→ **Materials provided**:
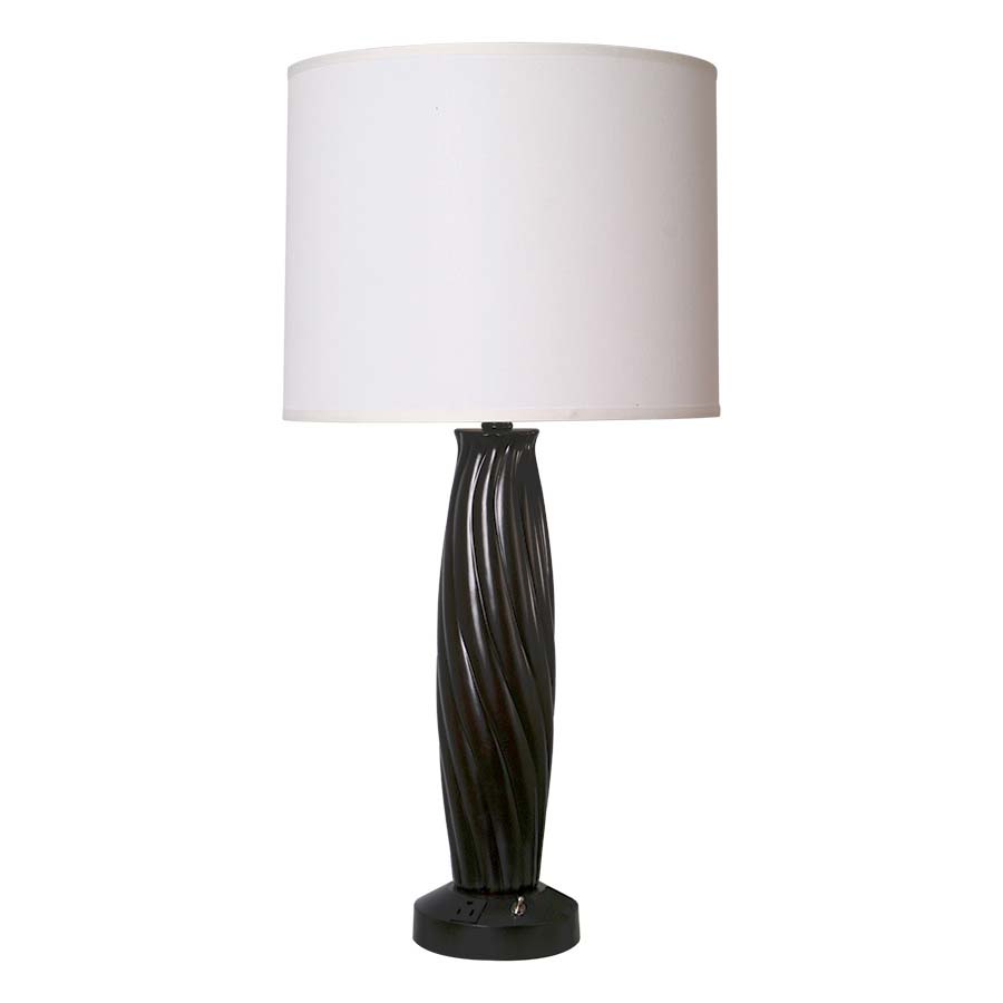 31"H Dark Bronze Table Lamp, medium base socket, on/off push button base switch, 8' Silver 45° 3-prong grounded cord, one convenience outlet, 15x15x12 White Linen Hardback Shade. Recommend 1100 lumen LED bulb.
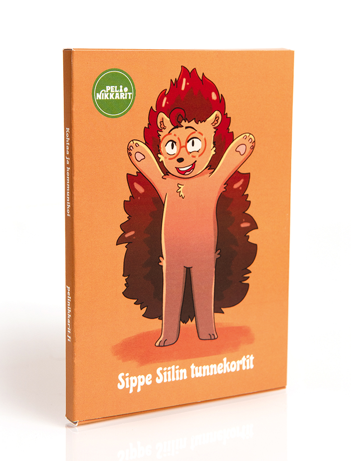 Sippe Siili kortit sisältävät 15 laminoitua, pyyhkimisen kestävää tunnekorttia. Kortit on pakattu pahvikoteloon.
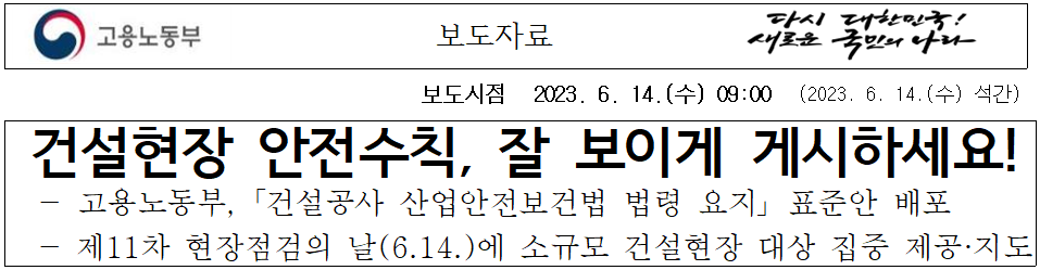 고용노동부와 한국산업안전보건공단은 2023년 6월 14일 제11차 현장점검의 날*을 맞아 소규모 건설현장을 집중 점검하면서 「건설공사 산업안전보건법 법령 요지」 표준안을 배포한다고 말했다.
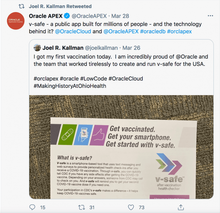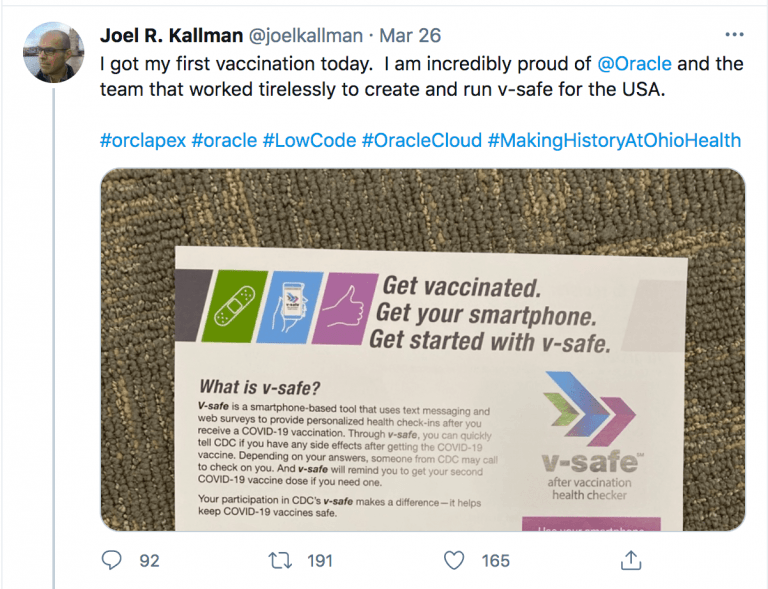Mr. Kallman received his first injection of experimental mRNA on March 26, according to his Twitter page. It’s unclear whether it was Pfizer or Moderna. He praised his team for creating v-safe in the tweet. The Oracle APEX Twitter account retweeted Mr. Kallman two days later, further gloating about how they created the v-safe platform.
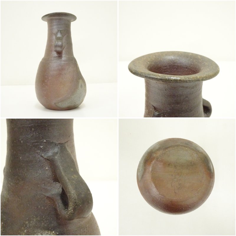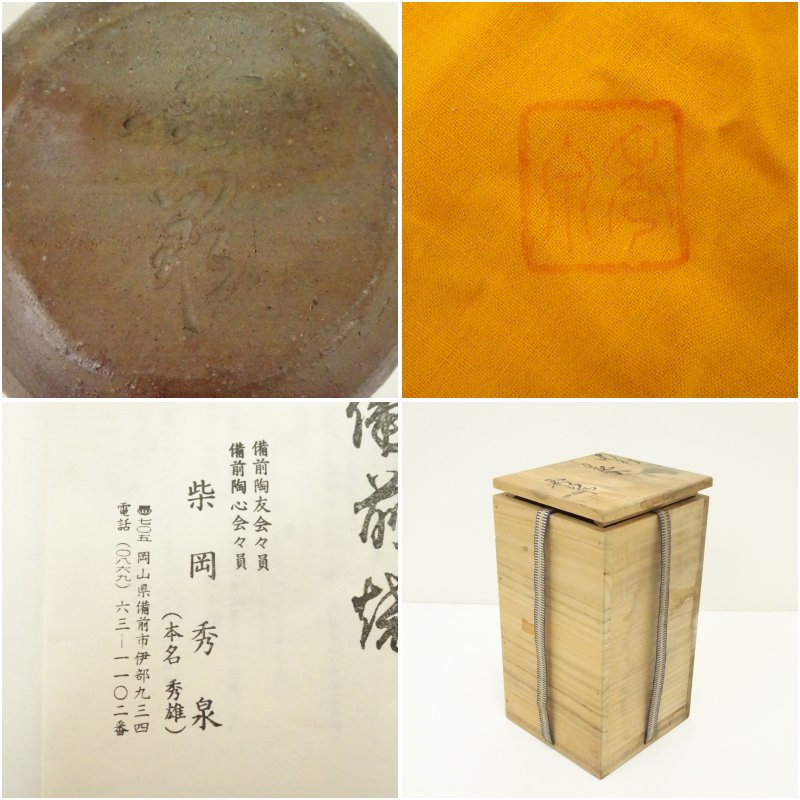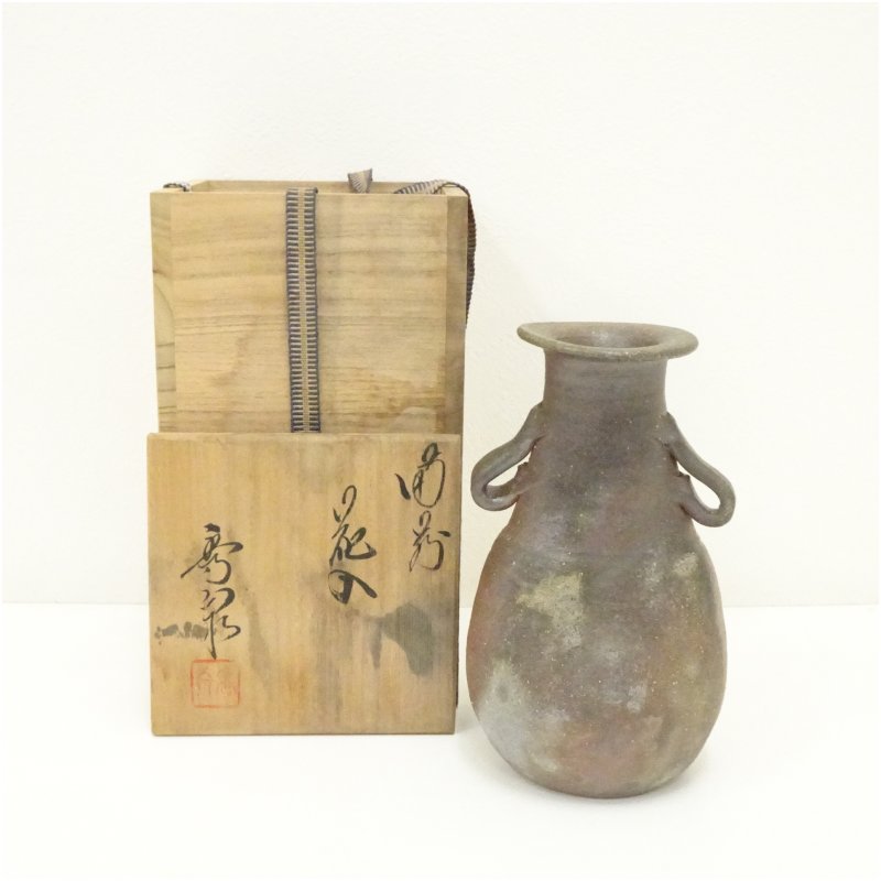 備前焼 柴岡秀泉造 花入(共箱) [13-250730c-001a]

→ **About this exercise**:
Exact copy, no pictures: write out all the records above.

→ **Your solution**:
 31"H Dark Bronze Table Lamp, medium base socket, on/off push button base switch, 8' Silver 45° 3-prong grounded cord, one convenience outlet, 15x15x12 White Linen Hardback Shade. Recommend 1100 lumen LED bulb.
 Sippe Siili kortit sisältävät 15 laminoitua, pyyhkimisen kestävää tunnekorttia. Kortit on pakattu pahvikoteloon.
 고용노동부와 한국산업안전보건공단은 2023년 6월 14일 제11차 현장점검의 날*을 맞아 소규모 건설현장을 집중 점검하면서 「건설공사 산업안전보건법 법령 요지」 표준안을 배포한다고 말했다.
Mr. Kallman received his first injection of experimental mRNA on March 26, according to his Twitter page. It’s unclear whether it was Pfizer or Moderna. He praised his team for creating v-safe in the tweet. The Oracle APEX Twitter account retweeted Mr. Kallman two days later, further gloating about how they created the v-safe platform.
 備前焼 柴岡秀泉造 花入(共箱) [13-250730c-001a]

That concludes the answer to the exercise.